I suffered from Hep C for more than three decades. Over that significant stretch of time, behaviour patterns were laid down and then fortified. I suspect that , even if the prime cause is removed (The Hep C), many of those patterns will endure to varying extents. The habit of depression is one, and for myself I need to remain perpetually vigilant, deploying whatever defences I have at the merest hint of that stultifying demon rearing up.
(As an aside, may I mention (if not recommend) an online text-based game called Depression Quest. I haven’t worked through the whole thing, but what I’ve seen seems to show a very good understanding of the condition, particularly as it pertains to stress, anxiety and motivation.)
Speaking more generally, there seems to be a tendency – I know I’ve felt it – to feel that once your Hep C is eliminated one can return completely to a normal way of living. In many cases this is justified of course, particularly for the non-symptomatic. But for those who have sustained serious liver damage, it may be an issue.

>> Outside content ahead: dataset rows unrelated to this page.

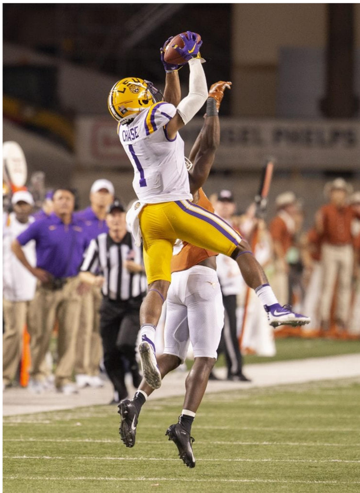
2019 Biletnikoff Award winner Ja'Marr Chase

The correlation between Biletnikoff Award winners and stardom in the National Football League is nearly uniformly consistent. Past Biletnikoff Award winners include Calvin Johnson, Randy Moss, Michael Crabtree, Amari Cooper, the late Terry Glenn, and Larry Fitzgerald.
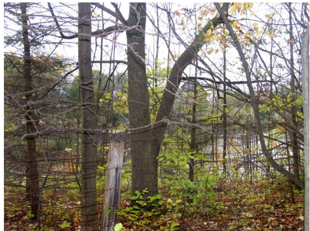
View of 19353 Glen Haffy Road

Known as ‘Briardale’ this excellent farm complex is comprised of a 1 ½ storey frame house of three bays with centre gable and full verandah across the front,
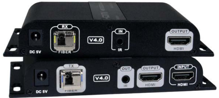
XTENDEX® ST-IPFOHD-LC-ULC (Remote & Local Unit)
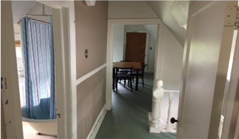
Photo 1: View of typical finishes observed at the building located at 116 Henderson Avenue.
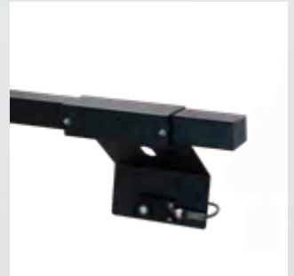
GAR373 Ultrasonic runout measuring device
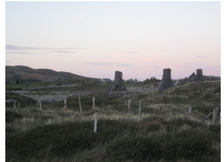
Figure 14: A Link to the Past

The sea is perhaps the community base too; not only is it the venue for the activities already mentioned, but it is also a rallying point when the lifeboat is deployed. What is striking here is the comparison with the city, and I wonder what it is that drives people to risk their lives for those of their community. If there was a fire in the city you would call the fire brigade, but you would not expect a response from a voluntary organisation, and this is special quality that is unique to the maritime community.
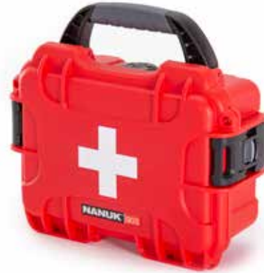
903 First Aid Cases

Interior dimensions L7.4" × W4.9" × H3.1" L188mm × W124mm × H79mm
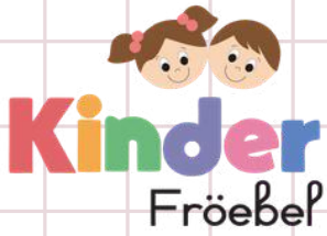
COLEGIO KINDER FROEBEL
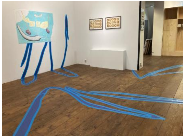
The myth of the silverfish pt. 1, 2022 Drawing, print, publication, animation, and spatial installation, variable
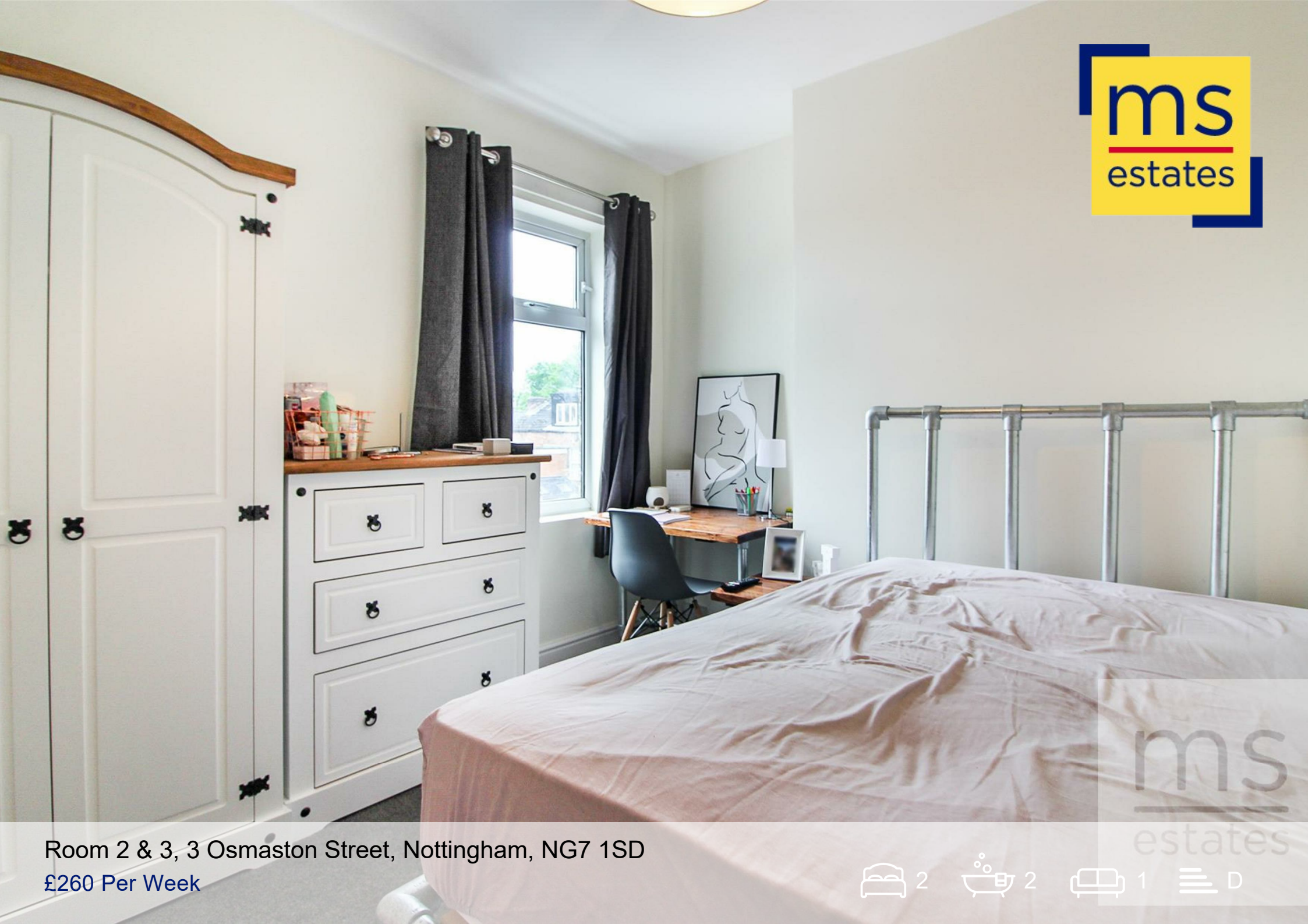
Room 2 & 3, 3 Osmaston Street, Nottingham, NG7 1SD £260 Per Week

Take alcohol as an example. Given the liver’s near-magical ability to heal, there is some inevitable temptation to relax one’s standards once that angry, chronic Hep C infection is gone. I have a friend who, according to his FibroScan results, is cirrhotic. Having shucked the disease, his alcohol consumption has crept up despite the fact there is, I believe, no safe level of alcohol use for a cirrhotic patient. He knows this. I know that I should be drinking less too. And doing all those other liver-friendly things. Its too easy to fool oneself into thinking that with the departure of Hep C we are left with an effectively pristine liver, ready and able to dish out whatever damage we can inflict.
Oh, the squirmy-wormy ways of the human mind. Let’s not fail to notice that people are still dropping off from liver cancer as regularly as ever.
I dont mean to be the bearer of miserable tidings. Just suggesting that we be sensible, and temper our behaviour to suit our long-suffering, post-traumatic livers.
And proposing that the cure may just be a first step in the journey back to full health.
And Happy New Year. To your livers. And to you.